The current Palisades Neighborhood Library opened in 1964 and was renovated in 2018.

Battery Kemble was at an elevation on Ridge Road (now Nebraska Avenue). The battery held two 100-pounder Parrott rifles, placed to sweep Chain Bridge and Virginia beyond. The site is located within Battery Kemble Park, bounded by Chain Bridge Road, MacArthur Boulevard, 49th Street, and Nebraska Avenue, NW.

Fletcher's Cove is on the Potomac River and the C & O Canal National Historical Park, between Chain and Key Bridges. Fletcher's has been in this location since the 1850s and is renowned as a superb fishing and recreational area. The nearby Abner Cloud House is the oldest building on the canal, dating back to 1802. After 145 years of business, the fourth generation of Fletchers retired in 2004 and Guest Services Incorporated, a National Park Service concessionaire, assumed responsibility for the operation of the concessions. The area surrounding the boat house was then officially named Fletcher's Cove, though most people still call it Fletcher's Boat House.

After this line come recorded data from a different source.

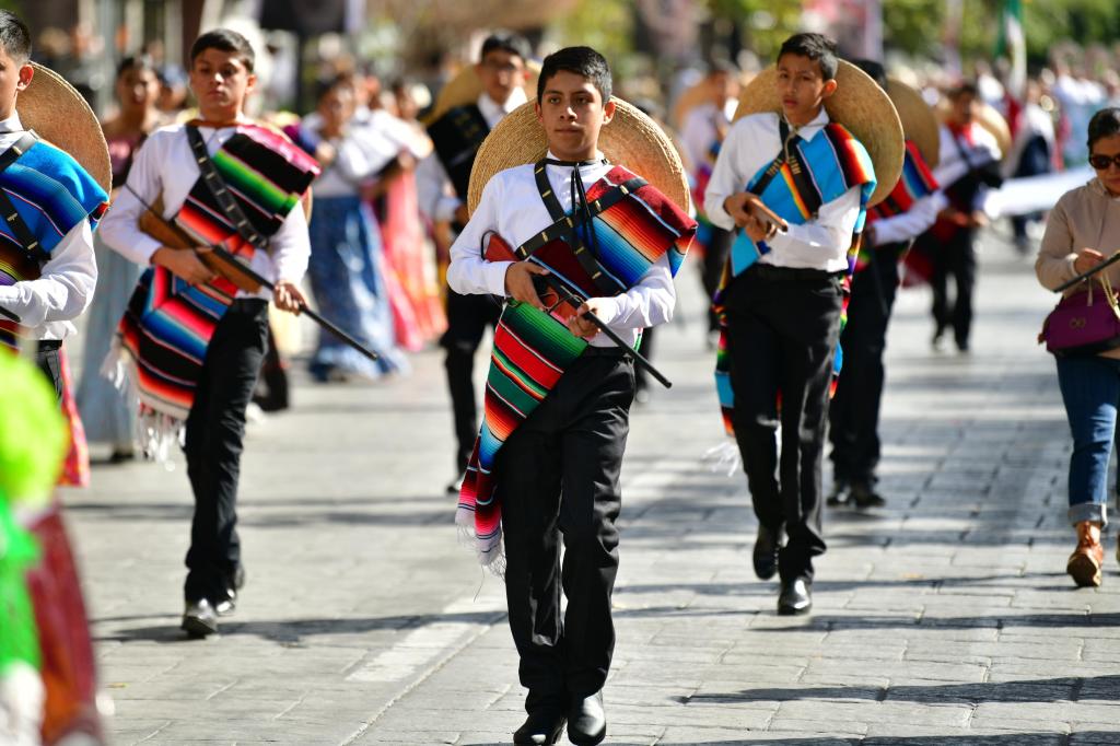 Las calles del Centro Histórico se pintaron de los colores patrióticos y se vivió un ambiente festivo entre participantes y asistentes al Desfile Conmemorativo al 113 aniversario de la Revolución Mexicana.
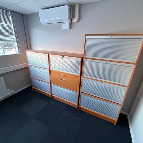 Myydään lukolliset toimistokaapit 10€/kpl. Kaappeja yhteensä 6kpl. Avaimet tallessa.
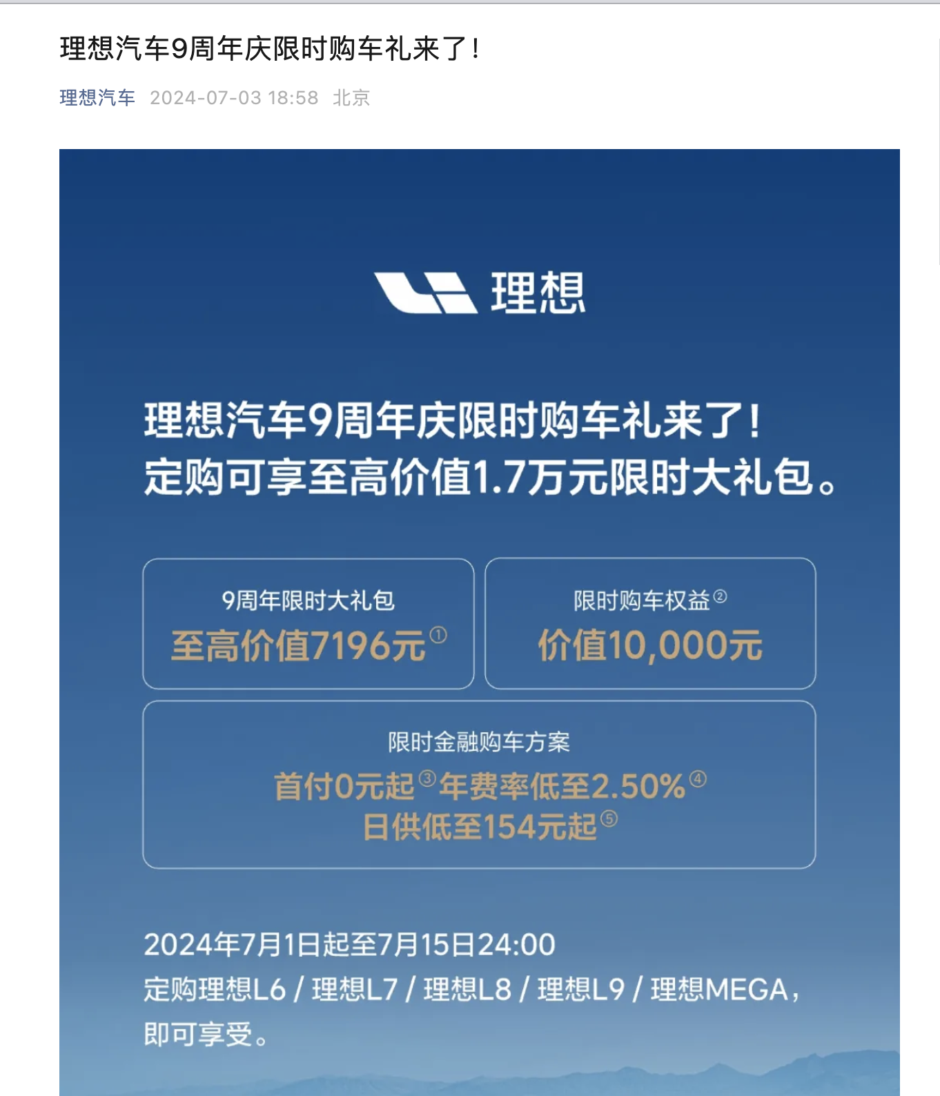 7月3日,据理想汽车微信公众号消息,推出理想汽车9周年购车礼,自7月1日起至7月15日24时,定购理想L6/理想L7/理想L8/理想L9/理想MEGA即可享受限时购车权益1万元与0首付金融购车方案。
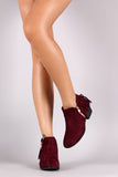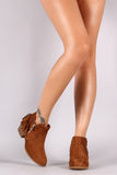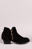 These stylish booties feature a vegan suede upper, stitching detail on vamp, round toe silhouette, and back fringe design. Finished with a block heel, side zip-up closure, lightly cushioned insole, and plaid lining.
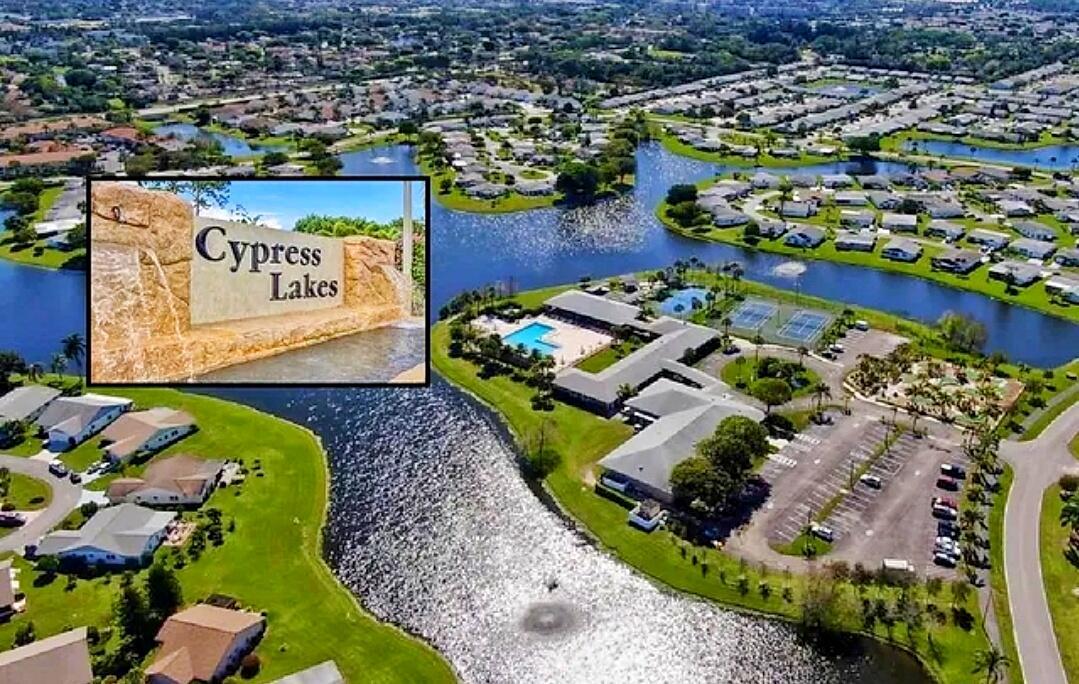 Discover this charming 2-bedroom, 2-bathroom villa in the peaceful Cypress Lakes 55+ community. As you step through the welcoming screen porch, you'll enter a spacious open living area, perfect for relaxing or entertaining. The kitchen offers plenty of cabinets and counter space, making meal prep simple. The primary bedroom features a large closet and a private en suite bathroom with elegant tile and a roomy vanity.A convenient two-car driveway is located right in front, making parking easy.Residents enjoy a variety of amenities, including an 18-hole golf course, tennis courts, a gym, clubhouse, jacuzzi, and more. For social activities, there's a game room, library, and plenty of opportunities to connect with neighbors.Cypress Lakes is designed for a relaxed and active lifestyle.
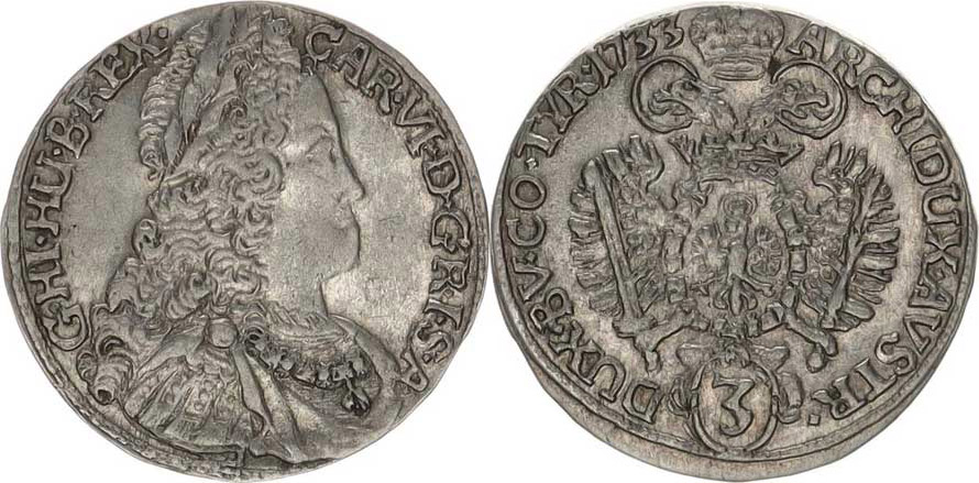 3 kr. 1733, Tyroly, Hall
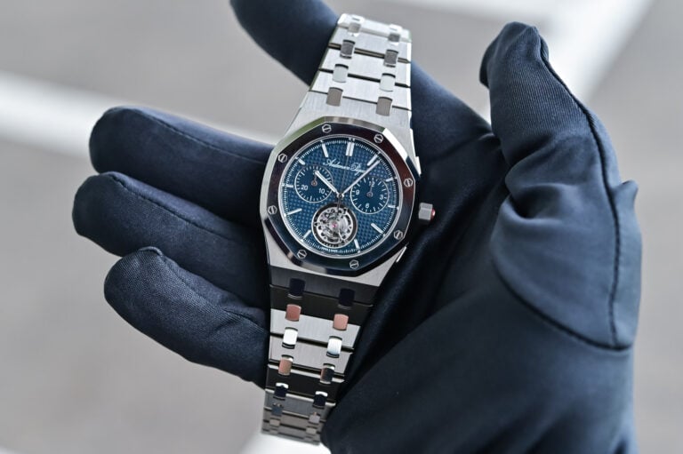 The beauty of an understated, uncluttered dial is its ability to weather the dictates of changing fashion and should, in theory, have a longer lifespan than a dial flaunting the latest trends. Sticking to the basics, the sunray dials – available in blue, black, golden, and silver – feature applied and faceted indices indicated by traditional dauphine-style hands, a rectangular date window with a white background at 3 o’clock, and a peripheral minutes/seconds track. The deliberate absence of luminescence lends the watch a more dressy personality.
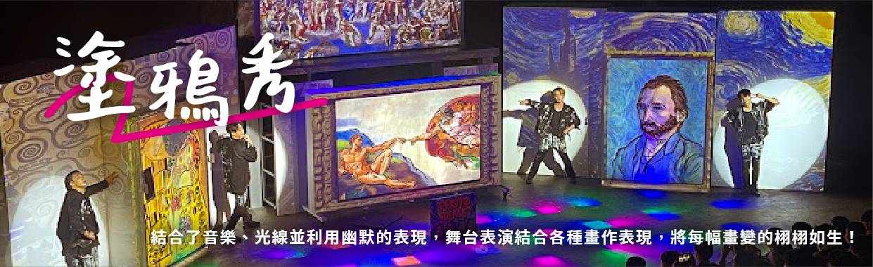 【塗鴉秀】結合了音樂、光線並利用幽默的表現,舞台表演結合各種畫作表現,將每幅畫變的栩栩如生,讓每幅畫在最後完成時都保證使您驚呼連連,讓您輕鬆地觀賞演出,同時體會最美的藝術氣息,您絕對不能錯過!※註:若遇秀休館或滿座,行程將作先後順序調整,不便之處敬請見諒!
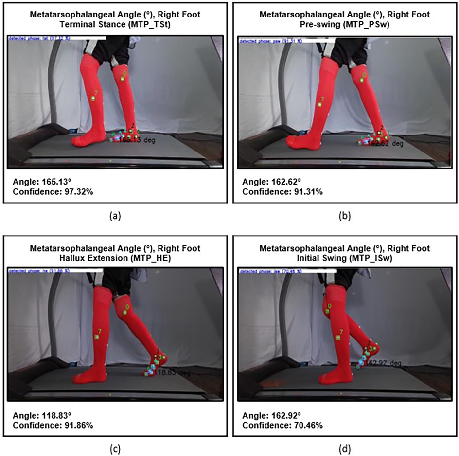 Figure 9. Metatarsophalangeal (MTP) angles of the right foot: (a) at the beginning of terminal stance phase (MTP_TSt), (b) during pre-swing phase (MTP_PSw), (c) prior to toe-off (MTP_HE), and (d) at the onset of initial swing (MTP_ISw).
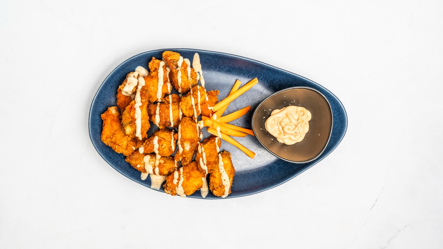 Buffalo kuracie krídelka, marinované v BBQ marináde 9ks, BBQ omáčka, Samuraj, Zeleninové crudité alergény: 10 -
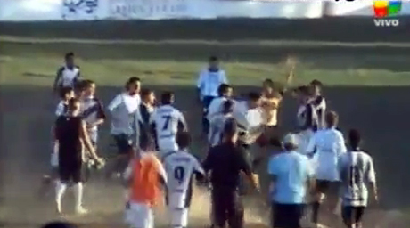 ВИДЕО: Аргентинский рефери показал 36 красных карточек Инцидент произошел во время одной из игр аргентинского чемпионата. Удаление с поля получили не только игроки, но и персонал команд.

Other notable landmarks making the Palisades unique are the old Conduit Road Schoolhouse on MacArthur Boulevard, Palisades Community Church (1923), The Lab School of Washington (1967) (formerly the Florence Crittenton Home for Unwed Mothers), the German Embassy, St. David's Episcopal Church (1940), Sibley Hospital (1961) and Gen. Montgomery C. Meig's Washington Aqueduct / Dalecarlia Filtration / Water Treatment Plant (1853).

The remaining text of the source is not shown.